Information shown:
* * * * *

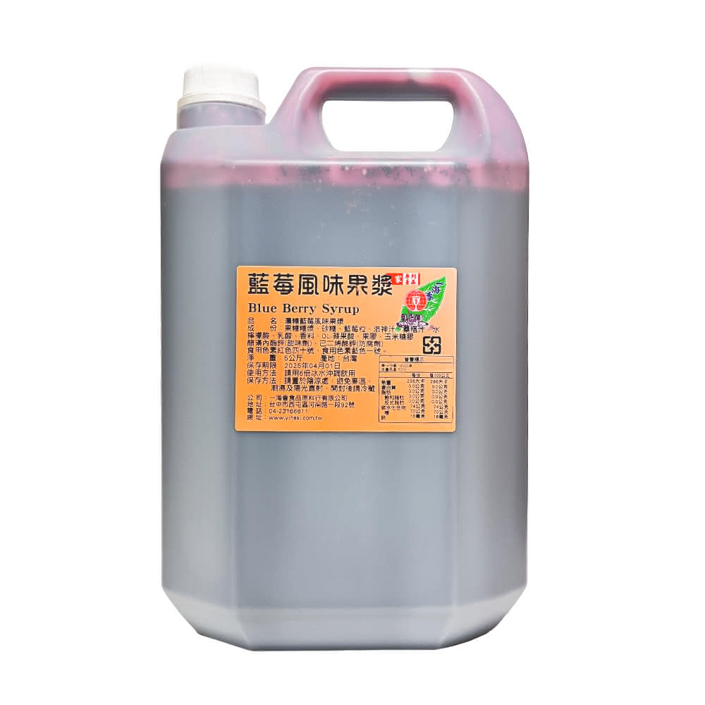 藍莓風味果漿 5公斤x1罐(藍莓汁 藍莓濃縮果汁 藍莓糖漿 藍莓濃縮汁 大罐 手搖飲 營業用 沖泡飲 氣泡水糖漿)
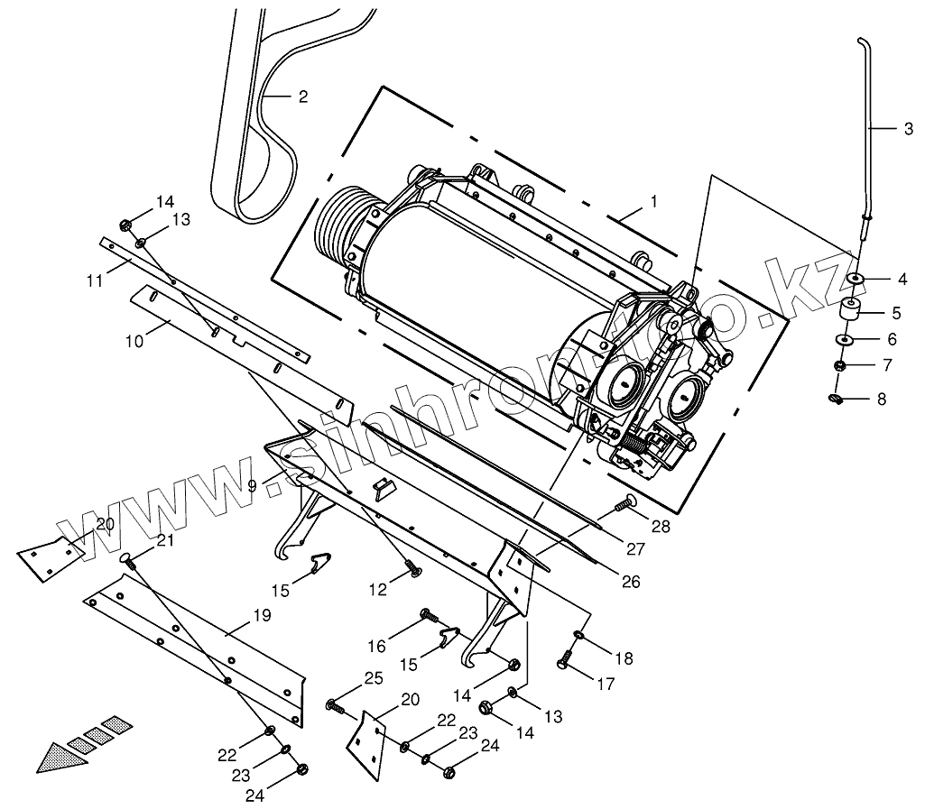 Каталог запасных частей к технике: KRONE BIG-X-700. Grain conditioner cpl./cracker duct - spring-mounted
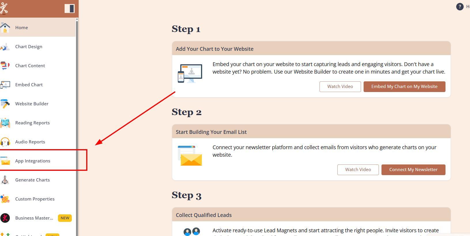Then, click on App Integrations at the left menu bar.
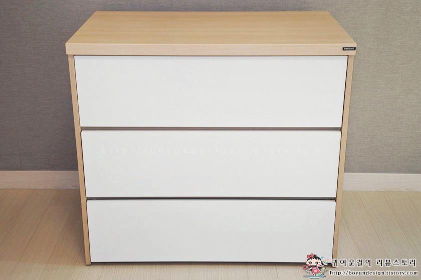 서랍장 우측 상단에 에몬스 로고가 딱!
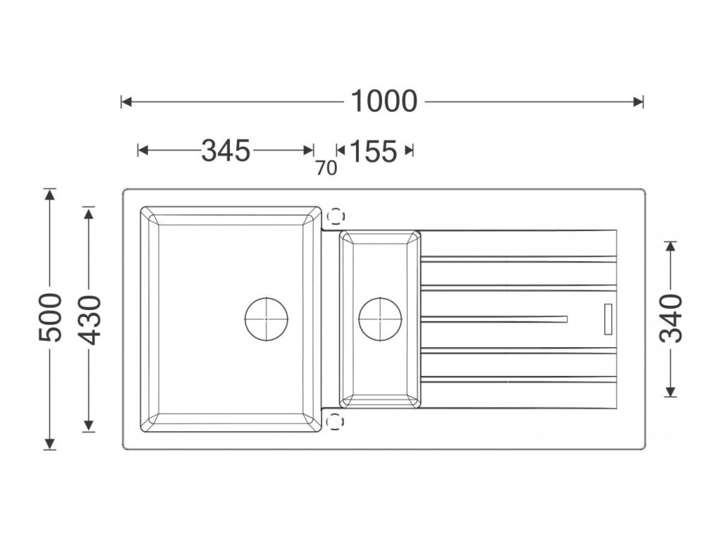 Vonkajšie rozmery drezu sú: 1000 x 500 mm
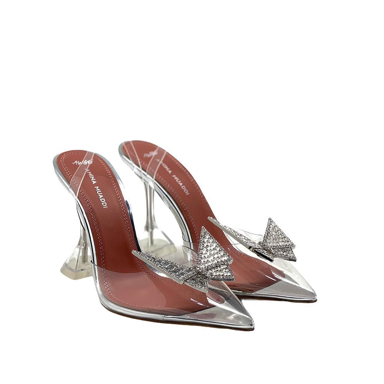 Эти элегантные прозрачные босоножки на шпильке от Amina Muaddi, артикул LUX-43908, станут эффектным дополнением к вечернему или праздничному образу. Дизайн модели отличается изящным острым мысом и украшен сверкающим бантом из кристаллов, добавляющим гламура. Устойчивый скульптурный каблук и прозрачные вставки обеспечивают комфорт и визуальную легкость.

* * * * *

Try it: Write out exactly the lines between the start of the data and the line with "Vonkajšie rozmery drezu sú: 1000 x 500 mm", including both, but none of the pictures.

Result for this exercise:
 藍莓風味果漿 5公斤x1罐(藍莓汁 藍莓濃縮果汁 藍莓糖漿 藍莓濃縮汁 大罐 手搖飲 營業用 沖泡飲 氣泡水糖漿)
 Каталог запасных частей к технике: KRONE BIG-X-700. Grain conditioner cpl./cracker duct - spring-mounted
Then, click on App Integrations at the left menu bar.
 서랍장 우측 상단에 에몬스 로고가 딱!
 Vonkajšie rozmery drezu sú: 1000 x 500 mm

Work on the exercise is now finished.